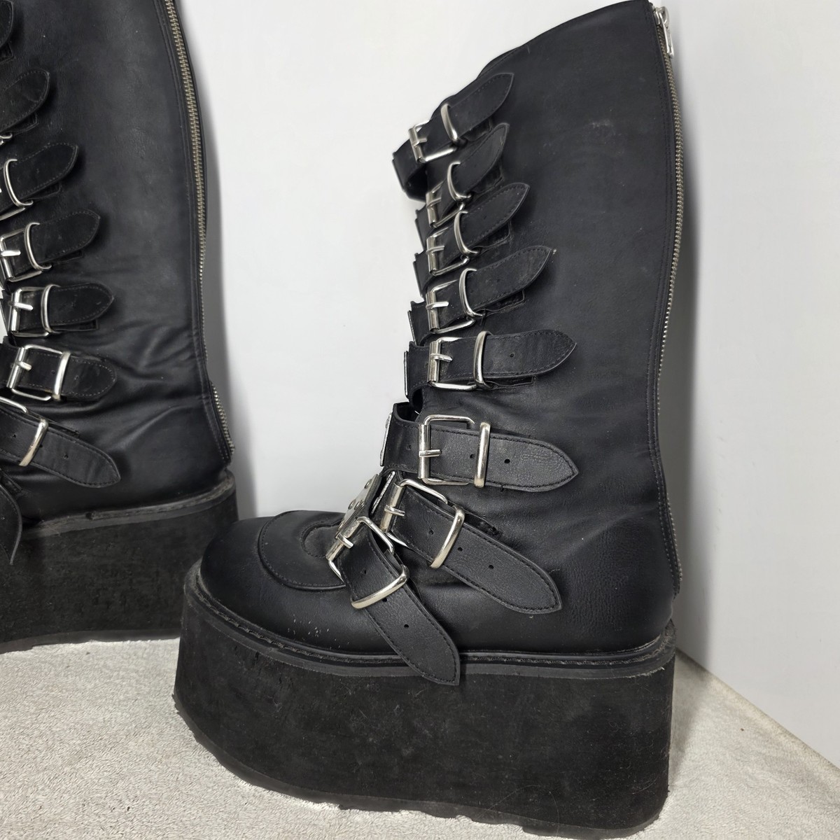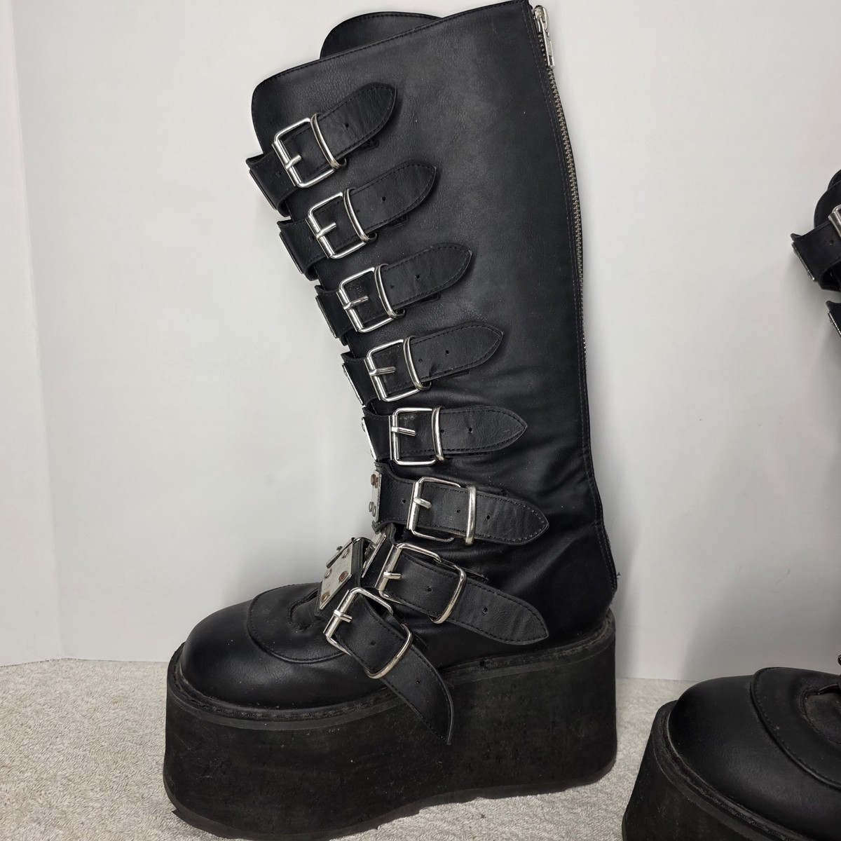 DEMONIA DAMNED 318 Punk Gothic Black Platform Buckles Women's Knee Boots
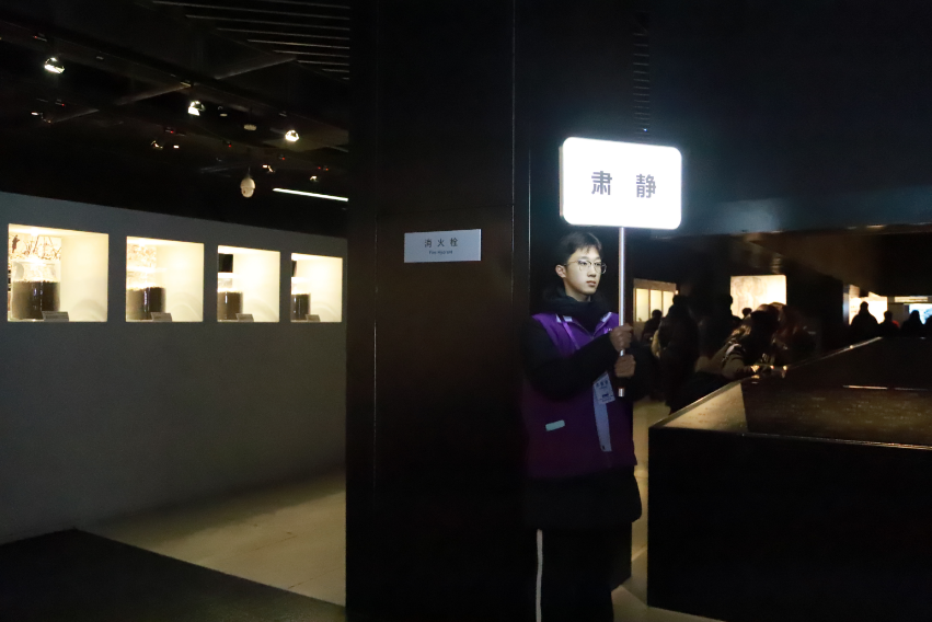 After the ceremony, volunteers took their posts. At the exhibit hall entrance, post-2000s volunteers held signs reminding visitors to maintain a respectful atmosphere. At the John Rabe statue, international volunteers recited diary excerpts from historical eyewitnesses. In the Historical Materials Exhibit Hall, new members of the oral guide volunteer team practiced their scripts and learned the visitor flow routes.... Through their actions, they are living embodiments of the spirit of Lei Feng.
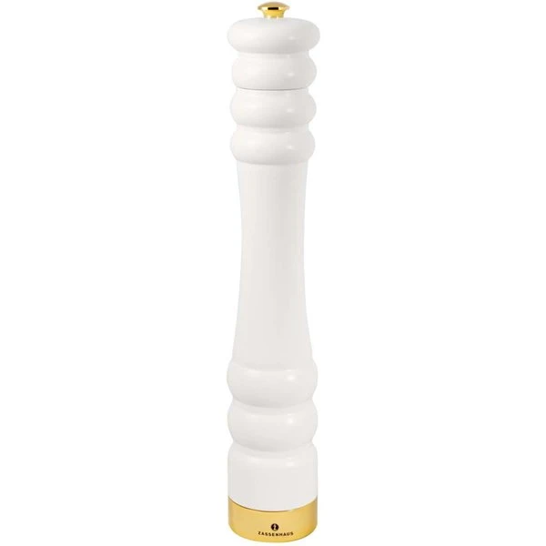 Kvarnen mÀter 35 cm och Àr tillverkad i vitlackerad bok med knopp och stÄlkant nertill i guld. En mycket elegant design som gör kvarnen till en vacker detalj pÄ köksbordet.
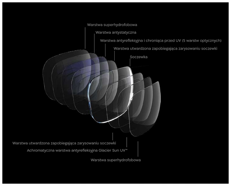 - Glacier Sun UV™ - powłoka, która zachowuje i nie zmienia barwy soczewek - posiada neutralny odcień własnego odbicia szczątkowego (kolor odblasku powłoki jest bezbarwny), chroni jednak kolor przed wyblaknięciem; o zwiększonym poziomie ochrony przed UV – pochłania niebezpieczne promieniowanie odbite, minimalizuje efekt olśnienia; bardzo trwała o zwiększonej odporności na zarysowania, łatwa w czyszczeniu, bardzo odporna na działanie wody, zaplamienie, zatłuszczenie i odciski palców
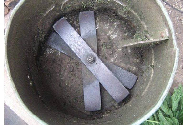 - كجسم قطع ، يتم استخدام الألواح المعدنية (2 أو أكثر) ، والتي يتم توصيلها بقرص المحرك عن طريق براغي طويلة وغسالات مانعة للتسرب. إذا سمح طول البراغي ، يمكنك عمل مستويين من السكاكين ، مما يحسن التكسير.
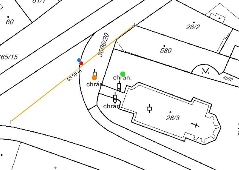 Do současného katastrálního plánu je žlutě vyznačeno oplocení zrušené roku 1938. Červeným puntíkem je označeno původní umístění Krämerova kříže, modře posunutí z roku 1923, oranžově umístění kříže v letech 1938-1981 a zeleně je vyznačeno současné umístění Krämerova kříže
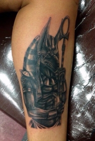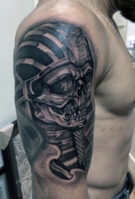 手臂黑白令人毛骨悚然的埃及骷髅纹身图案

PROBLEM REQUIREMENTS:
Restate the listing above word for word, and skip the pictures.

EXERCISE SOLUTION:
 DEMONIA DAMNED 318 Punk Gothic Black Platform Buckles Women's Knee Boots
 After the ceremony, volunteers took their posts. At the exhibit hall entrance, post-2000s volunteers held signs reminding visitors to maintain a respectful atmosphere. At the John Rabe statue, international volunteers recited diary excerpts from historical eyewitnesses. In the Historical Materials Exhibit Hall, new members of the oral guide volunteer team practiced their scripts and learned the visitor flow routes.... Through their actions, they are living embodiments of the spirit of Lei Feng.
 Kvarnen mÀter 35 cm och Àr tillverkad i vitlackerad bok med knopp och stÄlkant nertill i guld. En mycket elegant design som gör kvarnen till en vacker detalj pÄ köksbordet.
 - Glacier Sun UV™ - powłoka, która zachowuje i nie zmienia barwy soczewek - posiada neutralny odcień własnego odbicia szczątkowego (kolor odblasku powłoki jest bezbarwny), chroni jednak kolor przed wyblaknięciem; o zwiększonym poziomie ochrony przed UV – pochłania niebezpieczne promieniowanie odbite, minimalizuje efekt olśnienia; bardzo trwała o zwiększonej odporności na zarysowania, łatwa w czyszczeniu, bardzo odporna na działanie wody, zaplamienie, zatłuszczenie i odciski palców
 - كجسم قطع ، يتم استخدام الألواح المعدنية (2 أو أكثر) ، والتي يتم توصيلها بقرص المحرك عن طريق براغي طويلة وغسالات مانعة للتسرب. إذا سمح طول البراغي ، يمكنك عمل مستويين من السكاكين ، مما يحسن التكسير.
 Do současného katastrálního plánu je žlutě vyznačeno oplocení zrušené roku 1938. Červeným puntíkem je označeno původní umístění Krämerova kříže, modře posunutí z roku 1923, oranžově umístění kříže v letech 1938-1981 a zeleně je vyznačeno současné umístění Krämerova kříže
 手臂黑白令人毛骨悚然的埃及骷髅纹身图案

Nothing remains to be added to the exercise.